=== ENTRIES SUPPLIED ===
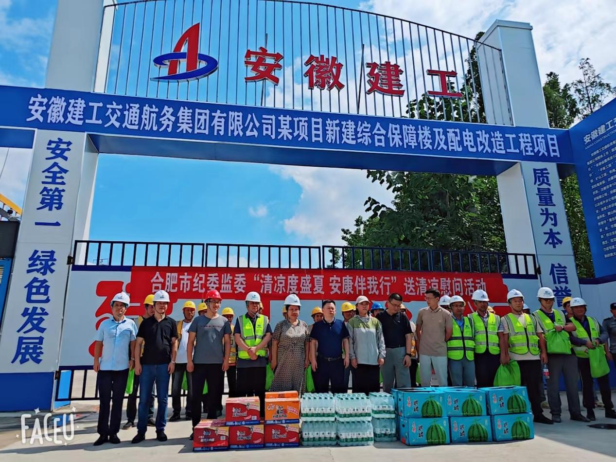 7月25日下午,合肥市紀(jì)委常委、秘書長(zhǎng)、監(jiān)委委員韋晉峰,市紀(jì)委監(jiān)委機(jī)關(guān)黨委專職副書記張雷,市黨風(fēng)廉政教育基地主任龐德萍一行深入建工交航城建分公司位于瑤海區(qū)的項(xiàng)目開展“清涼度盛夏 安康伴我行”送清涼活動(dòng),為堅(jiān)守一線的職工送上防暑降溫物品。
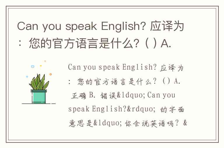 “Can you speak English?” 的字面意思是“你会说英语吗?”,而“您的官方语言是什么?”对应的英文应该是“What is your official language?”。两者询问的内容完全不同,前者关注对方是否具备说英语的能力,后者则是询问官方规定的语言种类。因此,该翻译是错误的。
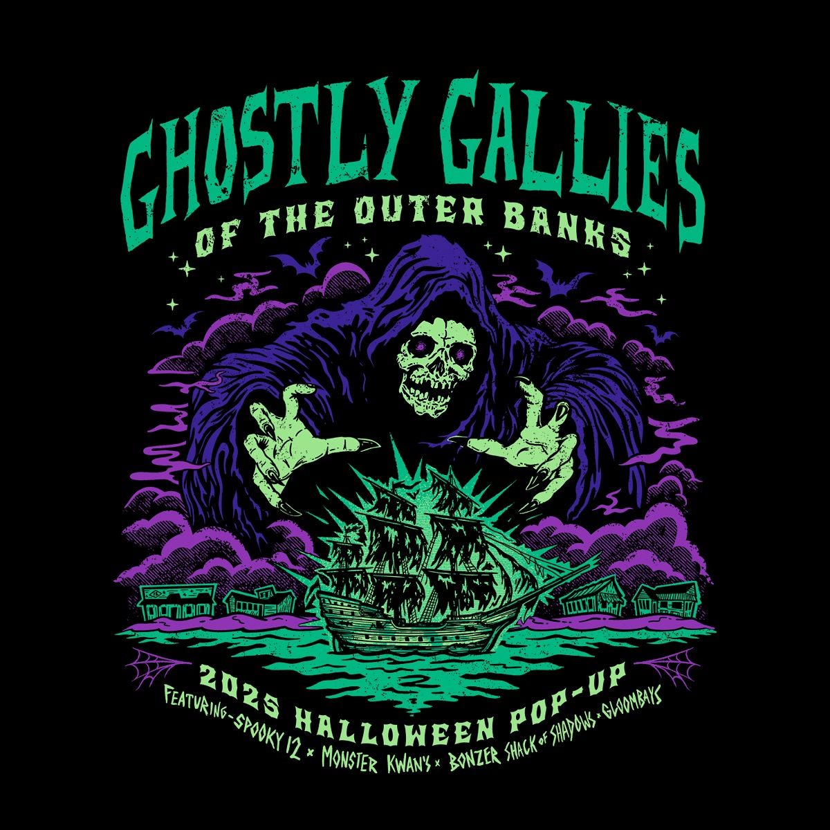 From October 10th through Halloween night, Mama Kwan’s Tiki Bar & Grill, Lucky 12 Tavern, Goombays Grille & Raw Bar, and Bonzer Shack will host a Halloween pop-up series like no other. Think haunted shipwreck vibes, creepy cocktails, eerie décor, and unforgettable Outer Banks nightlife—all with a spooky seasonal twist. Ghostly Gallies brings together four beloved OBX bars and restaurants, each with their own unique haunted theme:
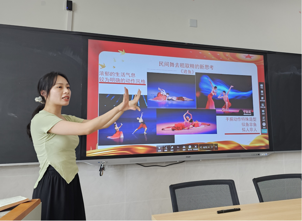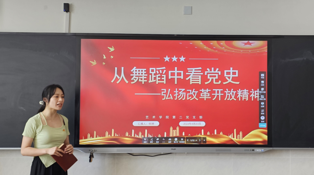为进一步贯彻习近平新时代中国特色社会主义思想,弘扬伟大建党精神赓续党的红色血脉,引导艺术学院全体党员将理论学习转化为指导教育教学工作的强大动力。4月20日下午,艺术学院全体党员在艺馨楼开展“从舞蹈中看党史”主题党日活动。艺术学院第二党支部书记何婷作为主讲人💠,将舞蹈作品的创作发展与中国近现代史中的改革开放精神相结合,从舞蹈中看党史➗,讲述改革开放时期的舞蹈发展历史。活动由艺术学院党总支书记伍莉主持。
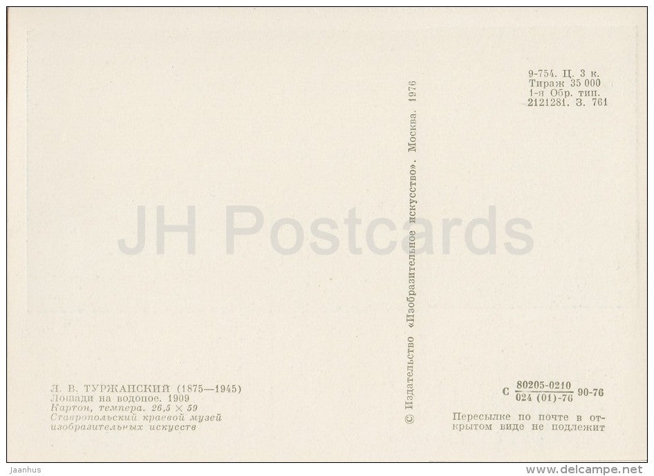 painting by L. Turzhansky - Horses at the watering hole , 1909 - horses - Russian art - Russia USSR - 1976 - unused
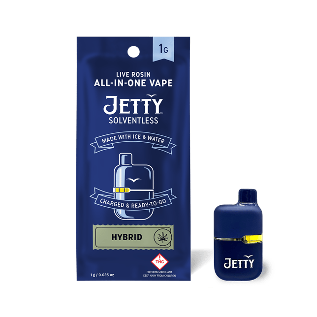 Jetty Solventless is America's #1 live rosin vape. It is the cleanest oil available, made from cold water hash that’s extracted using only ice and water. Our unique filtration process removes excess fats and waxes increasing purity (and THC %) while keeping all the tasty terpenes. The result: a light, golden oil and unmatched flavor profile.
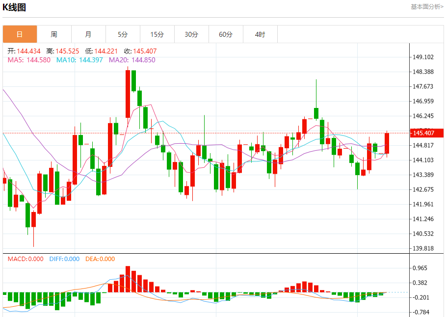 汇价高见145.525,低见144.221。上一交易日,汇价收于144.430。
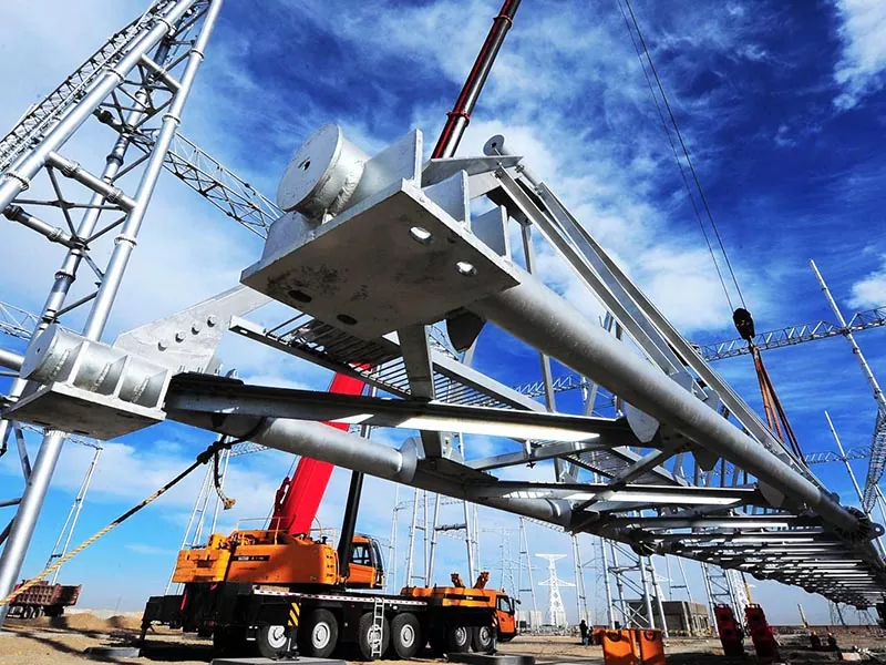 ● Tógáil: Déantar baill agus comhpháirteanna cruach a thógáil agus a chur le chéile ar an láthair, ag baint úsáide as craenacha agus trealamh trom eile.
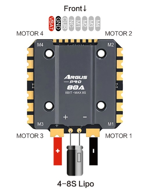 L’Argus Pro 80A se distingue par sa combinaison de haute performance, de refroidissement optimisé, ce qui en fait un choix idéal pour les builds 4–8S désireux d’allier puissance et fiabilité.
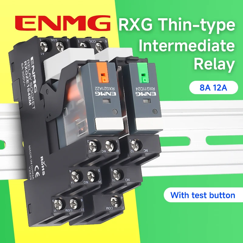 ENMG RXG Intermediate electromagnetic Relay Set 24VDC with LED 8-Pin 5-Pin 220VAC Plug-in Base Surge Protection 2NO 2NC DIN35mm
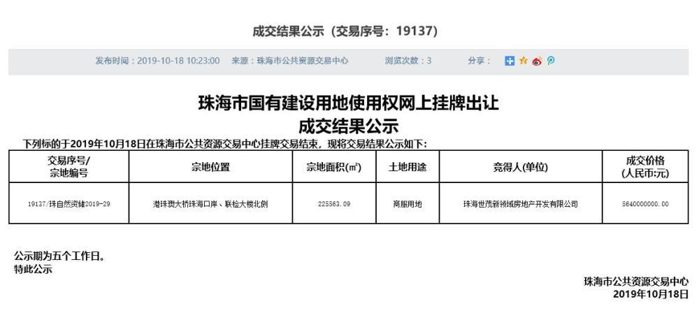 智通财经APP获悉,10月18日,世茂集团旗下珠海世茂新领域房地产开发有限公司以底价56.4亿元投得港珠澳大桥珠海口岸地块,楼面价每平方米5828元。这是世茂集团首次进入广东珠海。
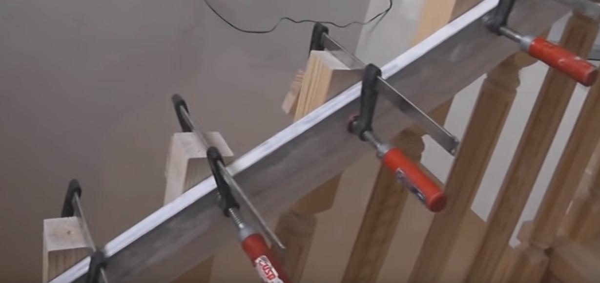 При помощи направляющей и струбцин закрепляем и связываем между собой все установленные балясины. Выверяем их положение при помощи уровня и соотносим с положением столбов.
===
- _YOUR INSTRUCTIONS_: Give again, exactly, the lines starting at the first entry above and ending at the line with "is your official"; please leave pictures out.

- _EXERCISE ANSWER_:
 7月25日下午,合肥市紀(jì)委常委、秘書長(zhǎng)、監(jiān)委委員韋晉峰,市紀(jì)委監(jiān)委機(jī)關(guān)黨委專職副書記張雷,市黨風(fēng)廉政教育基地主任龐德萍一行深入建工交航城建分公司位于瑤海區(qū)的項(xiàng)目開展“清涼度盛夏 安康伴我行”送清涼活動(dòng),為堅(jiān)守一線的職工送上防暑降溫物品。
 “Can you speak English?” 的字面意思是“你会说英语吗?”,而“您的官方语言是什么?”对应的英文应该是“What is your official language?”。两者询问的内容完全不同,前者关注对方是否具备说英语的能力,后者则是询问官方规定的语言种类。因此,该翻译是错误的。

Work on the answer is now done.